The personal touch extended beyond hiring. New employees learned from coworkers who'd been there for years. Training happened on the job, with real work, under the guidance of people who understood both the technical requirements and the company culture. The relationship between worker and workplace began with a handshake and continued with daily human interaction.

The Economics of Trust

The old system worked partly because the economic relationship between employers and employees was more stable. Companies expected to train workers and keep them for decades. Workers expected to stay and grow with the organization. This mutual investment justified the simpler, more personal hiring approach.

Today's job market operates on different assumptions. Workers change jobs frequently, companies restructure regularly, and the relationship feels more transactional. The elaborate screening process reflects this reality: everyone's trying to minimize risk in an inherently unstable system.

But the irony is striking. We've created a hiring process that's simultaneously more complex and less effective at predicting job performance than the old-fashioned conversation over coffee.

The Human Cost of Digital Efficiency

The transformation from handshake hiring to algorithm screening represents more than just technological progress. It reflects a fundamental shift in how we think about work, trust, and human potential.

Jim Patterson's generation entered the workforce with confidence that showing up and working hard would be enough.

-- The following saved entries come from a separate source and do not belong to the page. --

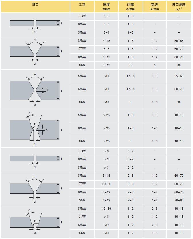 双相不锈钢的接头设计必须有助于完全焊透并避免在凝固的焊缝金属中存在未熔合的母材。最好采用机加工而不采用砂轮打磨坡口,以便使焊接区厚度或间隙均匀。必须打磨时,应特别注意坡口加工及其装配的均匀一致。为了保证完全熔合和焊透,应当去掉任何打磨毛刺。对于奥氏体不锈钢,有经验的焊工可通过控制焊炬克服坡口加工的某些缺陷。但对于双相不锈钢,这些技巧会造成材料在有害温度区间停留时间比预期的时间长,导致结果超出合格工艺要求。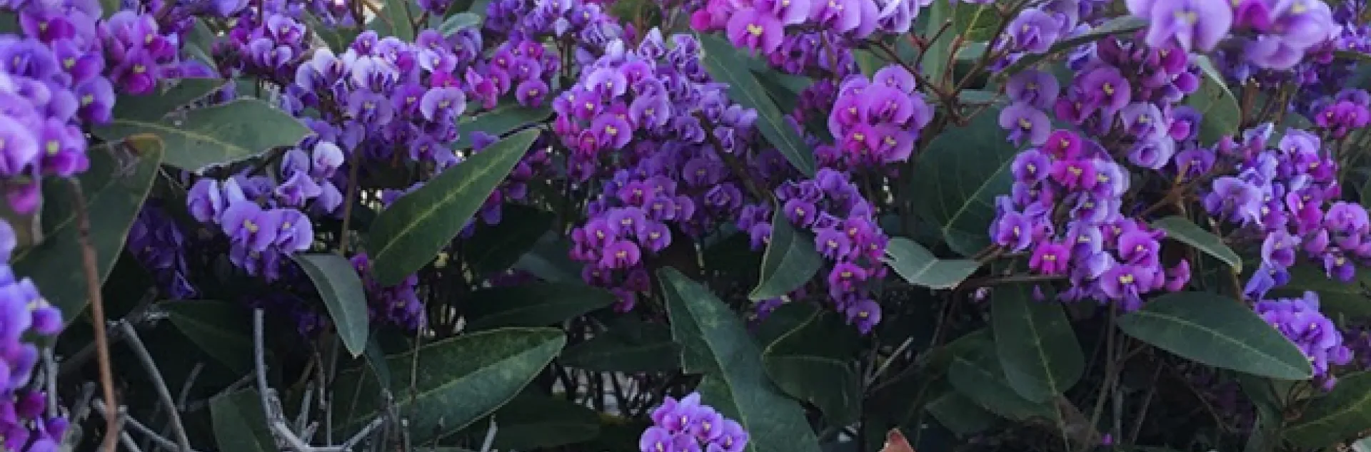 The Happy Wanderer (also known as Coral Pea or Australian Sarsaparilla) is an evergreen vine with beautiful leathery, oblong leaves and tiny flowers in different shades of purple, white or pink. It's zone 9 hardy, prefers partial shade, is drought tolerant and grows well in clay soil, all things that lend to it thriving here in Vacaville. These plants are wonderful climbers that are known for growing up to 20 feet and are absolutely gorgeous grown over archways. I'm so happy to have finally opened my eyes and stopped to smell the flowers, literally and figuratively.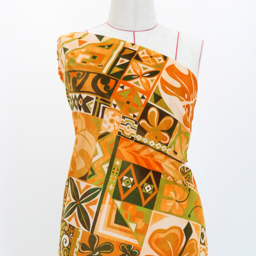 ハワイアン生地 ハワイアン スクエアデザイン柄 コシボ・シャンタン・ストレッチベロア選べる生地 イエロー KH-626-YE 3-5営業日後発送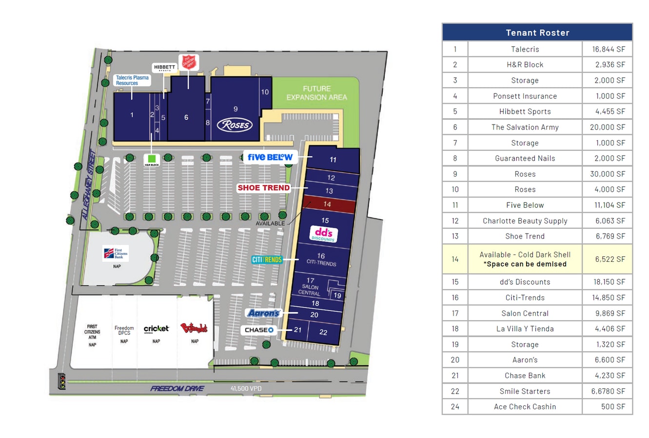 Situé à Charlotte avec un accès facile à l'I-85 (1/2 mile), à l'I-77, à la rue Morehead et au boulevard Wilkinson. 2 000 nouvelles maisons sont prévues ou en construction dans un rayon de 3 milles. Nombre important de places de stationnement. Nombre de trafic constamment élevé avec plus de 41 500 VPD le long de Freedom Drive.

Today's job seekers face a different reality: even getting the opportunity to prove themselves requires navigating systems designed to say no.

The efficiency gains are real — modern hiring processes can handle thousands of applications that would have overwhelmed a 1960s personnel department. But efficiency and effectiveness aren't the same thing. We've optimized for processing applications, not for finding great employees.

The handshake hire wasn't just about simplicity. It was about seeing potential in people, making quick decisions based on human judgment, and trusting that good people would figure out how to do good work. Those qualities haven't become obsolete — they've just gotten buried under layers of digital process that prioritize risk management over opportunity recognition.

Somewhere between the handshake and the algorithm, we forgot that the best hiring decisions often come from looking someone in the eye and asking: "Can you do this job?" The answer used to be enough.